Espero que no, por la salud de Homs, claro. Sin embargo, lo verdaderamente llamativo es que Ortega lideraba con retórica inflamada un segmento pequeñísimo de la oposición social y parlamentaria (una docena de diputados del Partido Reformista y poco más) mientras que Homs es el portavoz ideólogo de la Generalitat y de su oficina ha nacido un documento que deja poco menos que inmaculada la responsabilidad de la Generalitat al imputar al Estado una deslealtad monomaniaca, infernal. Puede que vivamos bajo una lógica subterránea o paralela y no me entere bien con tanto viaje de ida y vuelta, pero no acabo de comprender cómo se las arregla el máximo poder del Estado en Catalunya para denunciarse a sí mismo.
Pero quizá equivoco el enfoque y haya que retomar la vieja lógica subnormal de Vázquez Montalbán para dar con el intríngulis. Y entonces las cuentas sí salen: en Catalunya la Generalitat actúa como la parte buena del Estado, pero no carga con la parte mala, que queda para el resto de España; la parte buena es catalana y es víctima de la crisis y la parte mala es responsable de la crisis y no es catalana; la parte mala ha fabricado incompetentemente parados a destajo, pero la parte buena se limita a hacerse cargo angustiadamente de los parados; la parte cutre de la democracia la pone el Estado y la esperanza colectiva contra el Estado la pone la Generalitat; uno está en Madrid y otro en Barcelona.
Y uno es de derechas y el otro también. Pero eso no tiene nada que ver, eso no afecta a las circunstancias reales del país ni a la voluntad de acometer un determinado plan de actuación en políticas sociales, o en vivienda, o en higienizar las turbias cuentas de este o aquel partido, es decir, cumplir como poder del Estado. La Generalitat es Estado para lo que le conviene y no es Estado para lo que no le conviene.

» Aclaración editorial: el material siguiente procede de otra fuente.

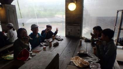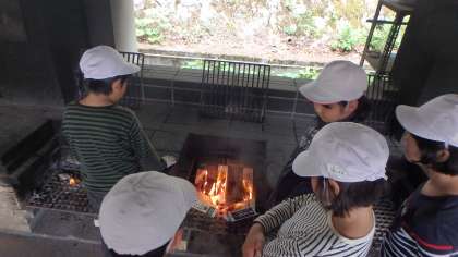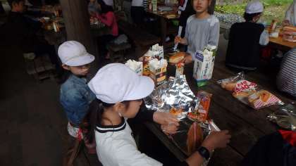 朝食は食堂ではなく,野外炊事場でパックドックをいただきます」。パンにカレー風味のキャベツとウインナーをはさんで,アルミ箔で包み,牛乳パックに入れて焼くだけです。牛乳パックが燃え尽きると外はカリッと中はふんわり,いい感じにできあがっているから不思議です。発明した人はすごいなぁと感心するのも束の間に,できたてホクホクホットドックにかぶりつく子どもたち♪さあ,お腹も満たされたところで,次はおがま池で魚つかみです。うまく捕まえることができるのでしょうか?
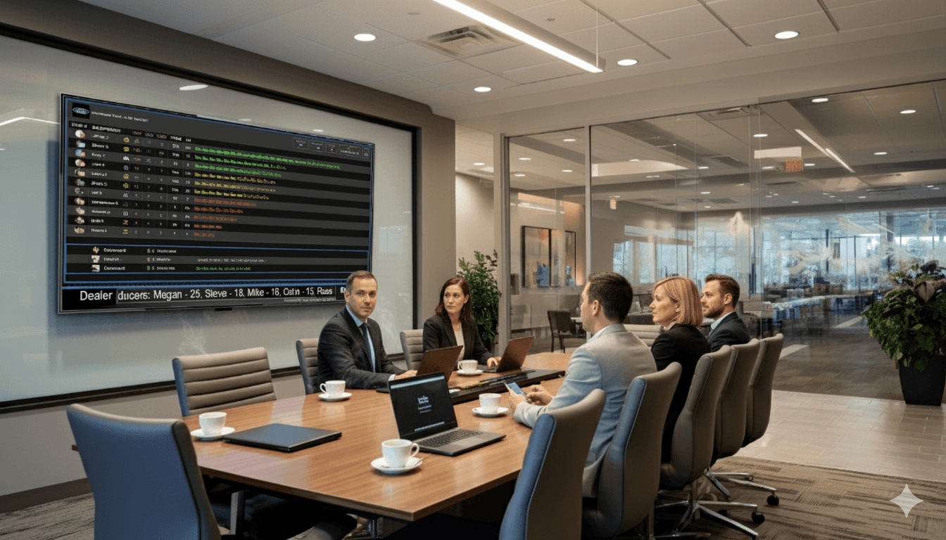 Showcase top performers in Sales, Fixed Ops, and BDC with live, rotating metrics.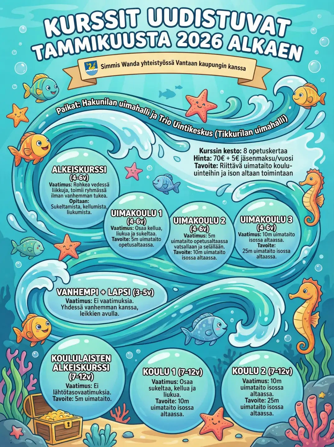 Tavoitteena on, että jokainen alle kouluikäinen saavuttaisi riittävän uimataidon, jotta voi koulu-uinneissa osallistua ison altaan toimintaan. Kurssivalikoimassa on myös kouluikäisille suunnattuja kursseja tukemaan koulu-uintien lisäopetusta tarvitsevia.
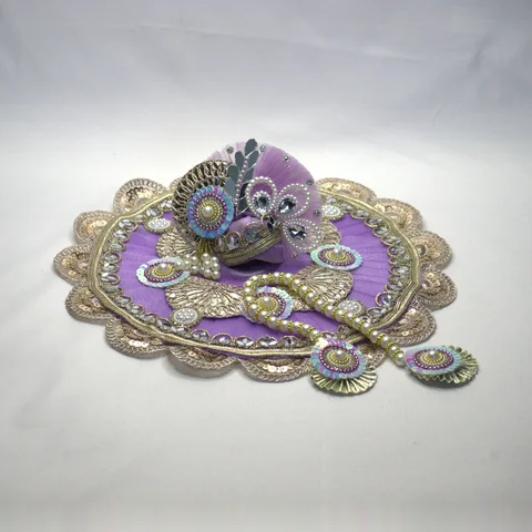 The coordinating mukut (crown) continues the lavender theme with matching sequin detailing, creating a cohesive look when placed atop the idol. Its design complements the dress while giving Thakurji a regal appearance befitting the deity.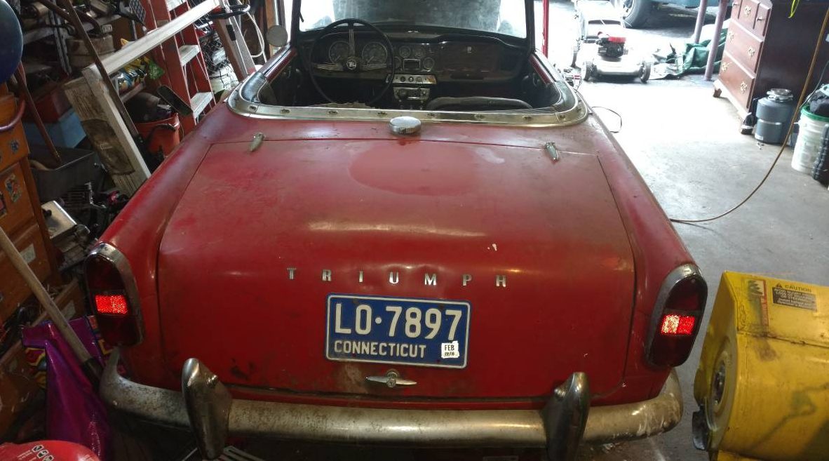 I’m so used to seeing the TR4s sitting on beefy Panasports or otherwise in perfect, updated condition that it’s refreshing to see one as it left the factory, even if it’s sitting on deflated tires mounted on steelies. The chrome is all fairly tired but the taillight lenses look good; as mentioned, the state of Connecticut hasn’t used those plates in a long time. The seller offers no history or otherwise any indication as to why it’s been parked for so long.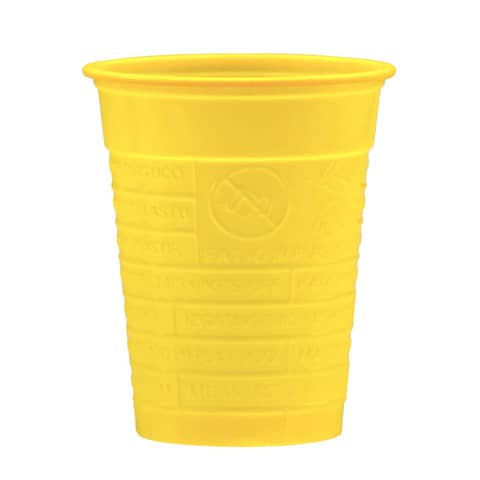 Bicchieri 200 ml R marcati gialli in polistirene. Confezione da 100 pezzi. Diametro superiore: 70 mm. Diametro inferiore: 47 mm. Altezza: 81 mm. Adatto al contatto con alimenti a Max 90°C per 15 minuti. No forni.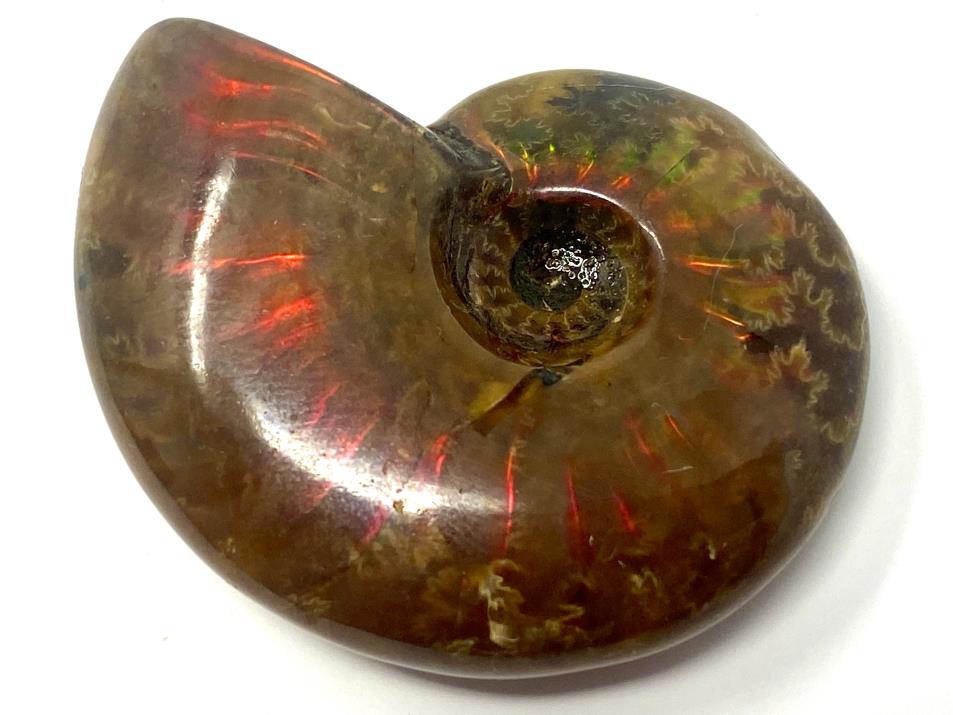 Gem ammonites such as this red iridescent ammonite are called biogenic gemstones (the only other gems of this type are pearl and amber) because they are formed from the fossilised organic material of once living creatures.

Hoy la Generalitat está gobernada por un partido de derechas sin ninguna responsabilidad política porque entre sus recursos de Estado no encuentra ni una miserable manivela, una brocha usada o siquiera una bendita llave inglesa para este o aquel apaño. Y eso suena a fraude de Estado desde el Estado mismo.
Jordi Gracia es profesor y ensayista.